07. Models Optimization: Optimizing the Optimizer
AI For Trading C6 L1 A05 Models Optimization V2
Understanding Gradient Descent and Hyperparameters
Overview:
- Explains concept and optimization process using gradient descent.
- Necessity of understanding hyperparameters for model optimization.
Gradient Descent Basics:
- Optimization technique to minimize functions.
- Models cost function adjustments using gradient slope.
- Iterative process: gradient-based adjustments in search of minimum.
- Aim: Accurate results.
Key Concepts:
- Gradient: Rate of change with respect to input.
- Learning rate: Control rate of descent movement.
- Influence parameters: Set trajectory and speed.
Factors Impacting Gradient Descent:
- Step size: Affects efficiency, convergence, stability.
- Convergent Solutions: Local minima, cost approximation.
Hyperparameters:
- Confer model tuning technique.
- Multiple parameters affecting rate, accuracy.

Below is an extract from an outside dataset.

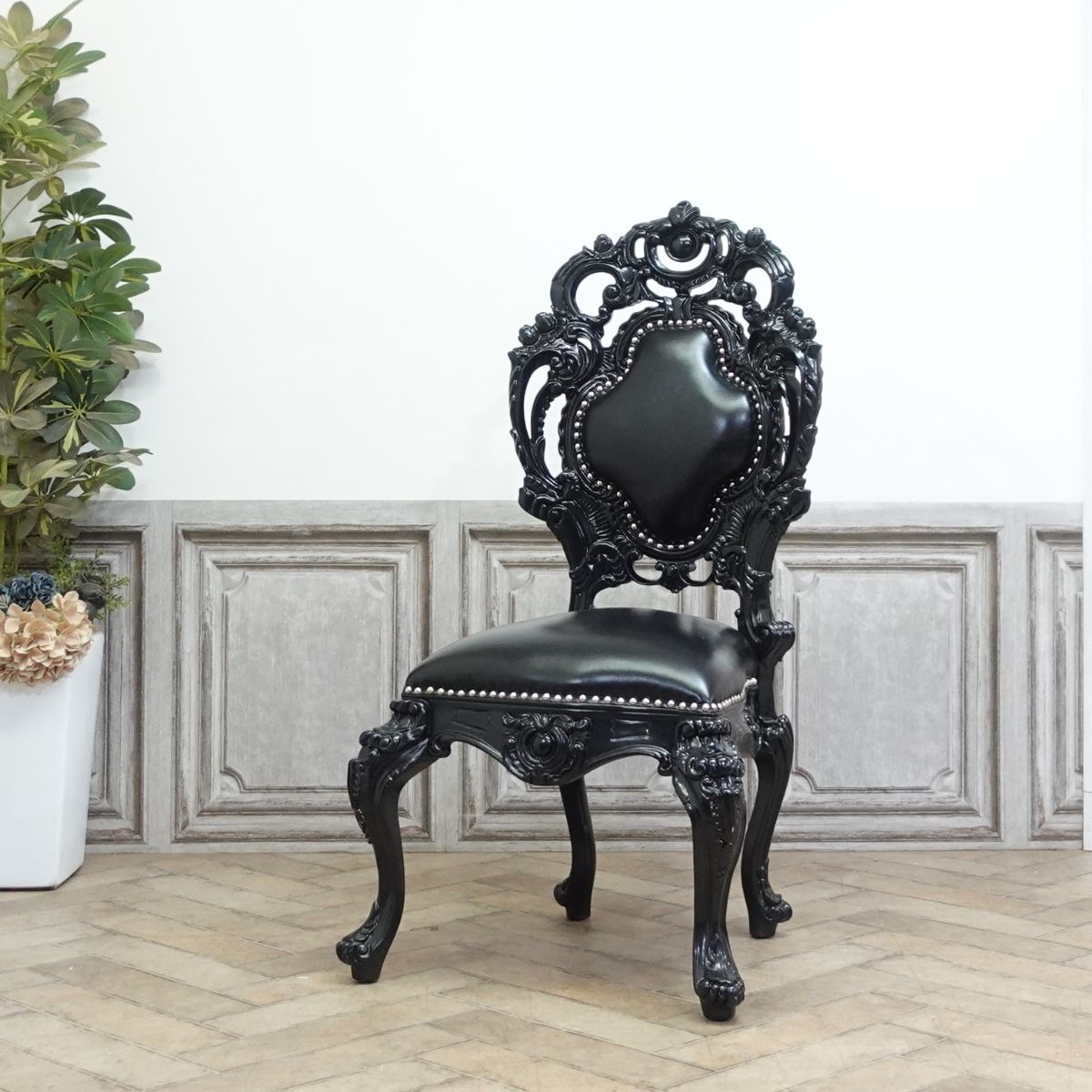 背もたれに華麗な彫刻を施したバロック様式のデザインを踏襲したチェアです。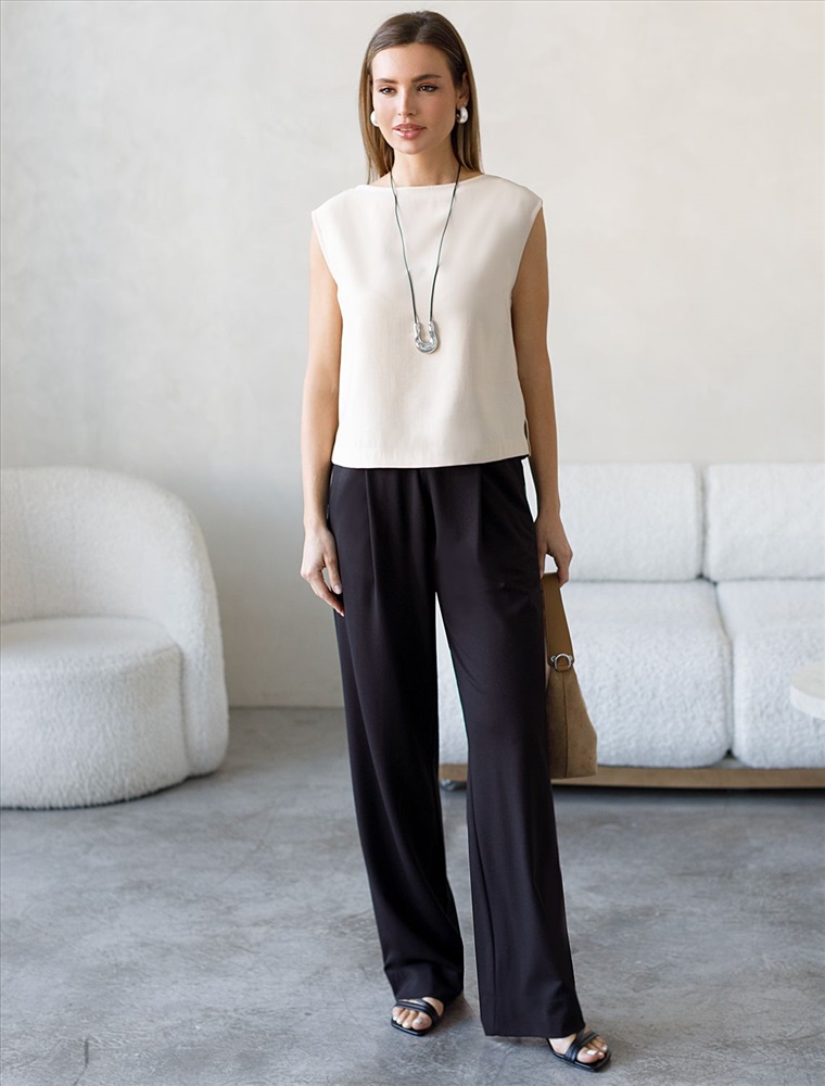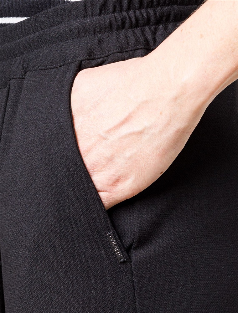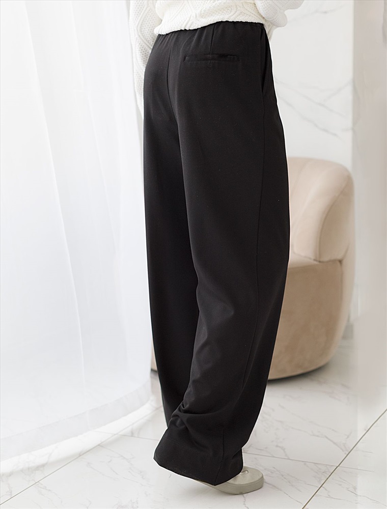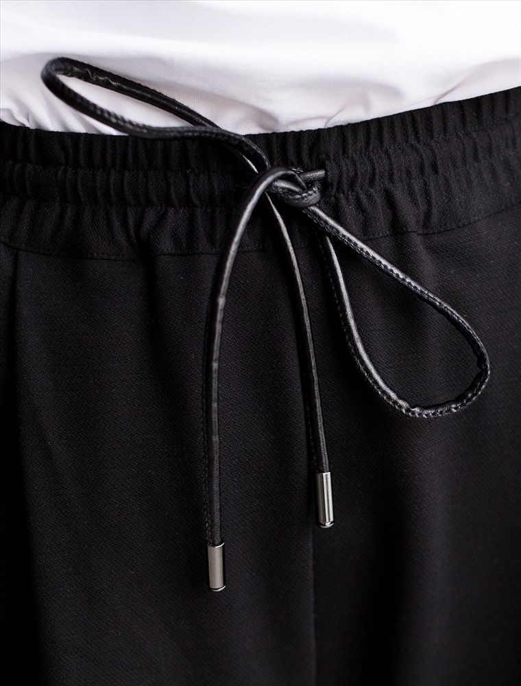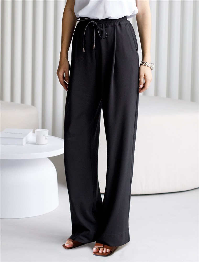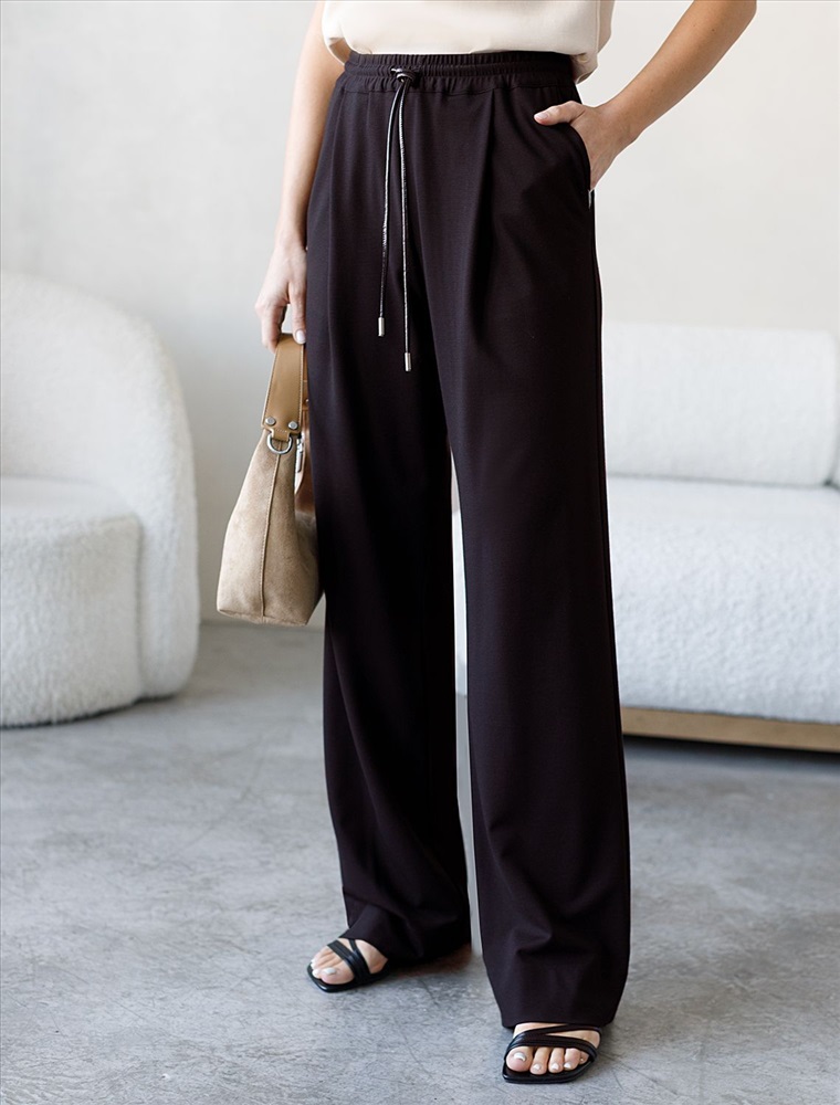 Свободные брюки из трикотажного костюмного полотна. Эластичный пояс на резинке с регулируемым шнурком из эко-кожи комфортно фиксирует изделие на талии. Модель дополнена двумя боковыми и задним карманами.

- Influence: Training dynamics.
Training Modes:
- Mini-batch: Gradual training, divided tasks, manageable phases.
- Stochastic Descent: Singular Element costing results
SOLUTION:
- Gradient descent does not minimize cost analytically; instead it tries to find approximate solutions through an iterative process.
- The learning rate determines how quickly the algorithm converges to the minimum.
- Choosing a suitable mini-batch size allows for a trade-off between convergence speed and gradient accuracy.